Today’s advances in technology promise to deliver new robot assistants that can work safely along with humans and improve humans’ overall working conditions.
In this context, collaborative robotics is booming, and we are actively partaking in the race to deliver ColRobot, the manufacturing assistant of the future that will transform automotive and satellite kitting and assembly operations.
Our vision is to deliver a new generation of robotics technologies intended to physically interact with humans in a shared workspace, based on their ability to sense their environment.
To this end, ColRobot aims to integrate a number of sensing systems and machine learning based software into two fully functional collaborative robotic systems, namely a robotic arm and mobile manipulator. ColRobot is developing a robotic system that is:
- Flexible to handle, load, unload and pass different kinds of tools and parts of different dimensions and weight;
- Safe, to enable the robot to work alongside humans on the factory floor;
- Mobile, to allow the robot to move according to the production stages and manufacturing needs in real-time; and
- Interactive, for seamless interfacing of the collaborative robot (cobot) with other machines and cooperation with humans through the recognition of intuitive and natural gestures, touch, and/or vocal commands.
Two years on, ColRobot has already delivered a complete definition of the requirements for the automotive and aerospace industrial use cases where the robots will be operating. The manufacturing processes and the hazards related to the robotic interaction have been analysed in detail to inform the design of the robotic prototypes, so to avoid any risk to the people working with or next to the robot.
For both demonstration scenarios, simulations with the designed prototypes have been performed to evaluate the feasibility of applying both the robotic arm and the robotic mobile platform on factory shop-floors. A first prototype of the flexible picking system, which enables a simple and efficient grasping of small parts, has been developed. The innovative gripper will be tested and mounted on a robotic arm in the near future.
Further project developments include software for various types of human-robot interaction, the safety sensor system, as well as an overall software control architecture to support the integration of different technologies used in ColRobot. Pose tracking systems have been developed to support robot navigation and localization, and the overall robot control and the associated path-planning algorithms have been tested in automotive and aerospace environments.
ColRobot has a high potential for positively impacting industrial manufacturing and society as a whole, through e.g. productivity increases, higher system flexibility, economic growth, and reduction of exposure of workers to non-ergonomic working conditions.
To increase the impact of the project, we are committed to educate and train the companies and the engineers and technicians of the future through summer schools, workshops and lectures, to enable them to make full use of the competitive advantage offered by collaborative robotics. Our next workshop on “Robotics and Smart Manufacturing” will be held at the IEEE 16th International Conference on Industrial Informatics on 20 July 2018 in Porto (Portugal).
According to Prof Olivier Gibaru (Ecole Nationale Supérieure Arts et Métiers Lille) coordinator of the project: “ColRobot will improve the working conditions in factories, making them more competitive and creating more, better, and safer jobs.
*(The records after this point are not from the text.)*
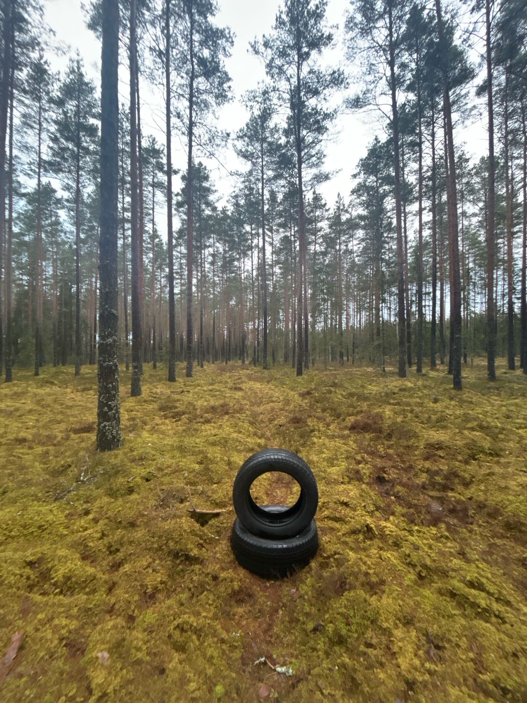 Staigājot mežā atradu izgāztas riepas, meža vidū (apruveni 1km iekšā mežā)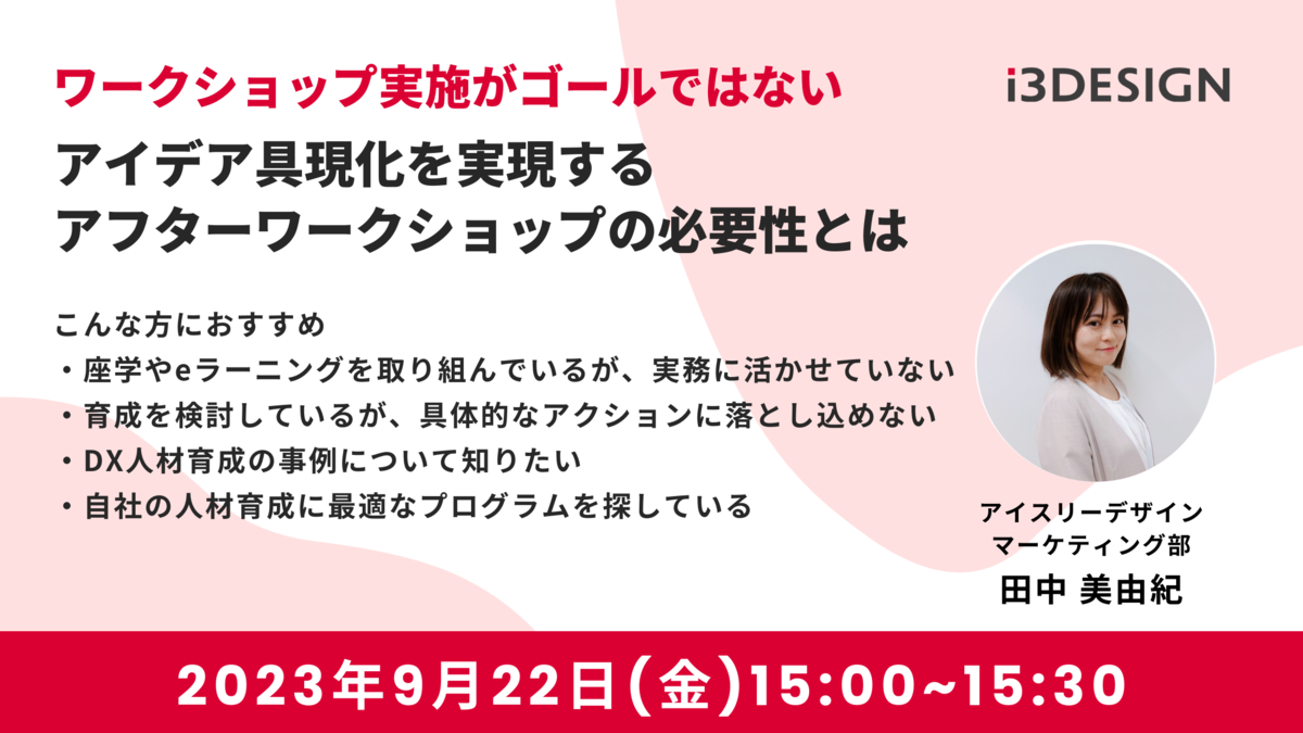 本説明会では、DX推進の現状と課題やDX人材に必要なスキルやマインドについて、またそれを実現する超実践型ワークショップ「ヒューマンイノベーションプログラム」をご紹介いたします。実際にご導入いただいているクライアント様の事例やアウトプットイメージもご紹介しますので、是非この機会にご参加ください。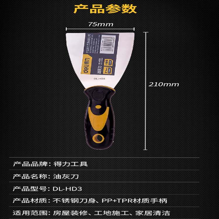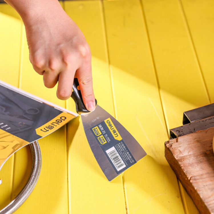 得力(deli) 不銹鋼油灰刀手柄采用PP+TPR材質制作,手感舒適,防滑耐刮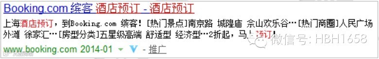 例2:如果用户在百度搜索的关键词为“上海酒店预定”百度展示出来的结果如下;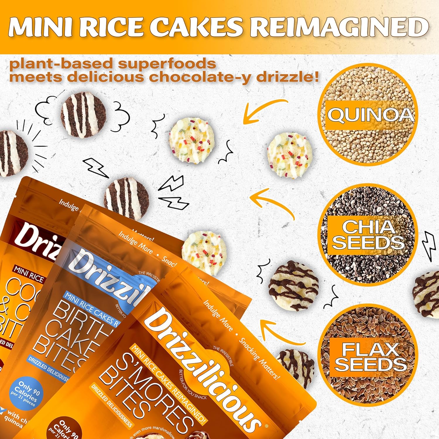 - LOW CALORIE DESSERT - Drizzlicious Mini Rice Cakes contain only 90 calories and 5 grams of sugar per bag. They're a better-for-you dessert alternative in individual bags for on-the-go snacking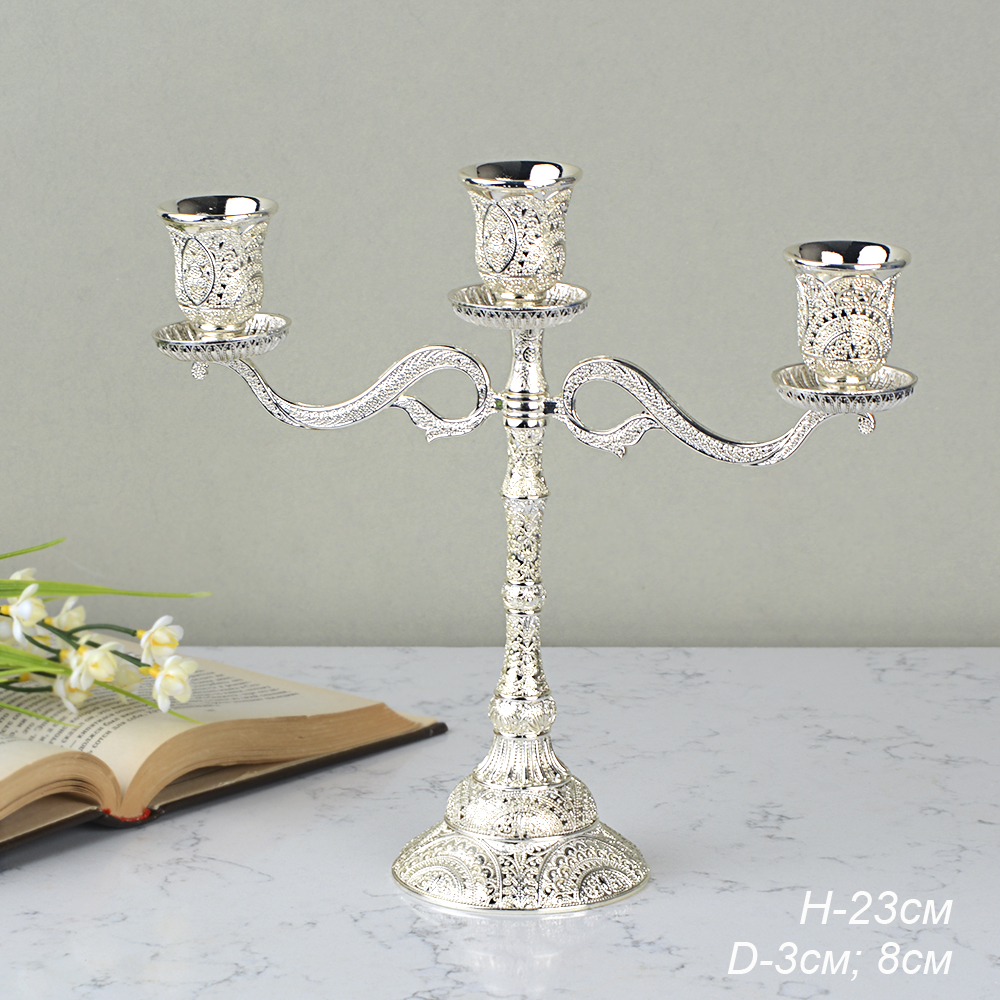 690793 Подсвечник на 3 свечи серебро 23 см / 303G /уп 48/

We have reached the demonstration stage of the project and look forward to further advancing the integration of our technology so that tomorrow’s factories can benefit from the precision, flexibility and safety that cobots provide”.
ColRobot is a 3-year project funded by the Horizon 2020 Programme of the European Union (GA 688807). The project is supported by a consortium of eleven organisations including Renault and Thales Alenia Space; leaders in the automotive and aerospace industry.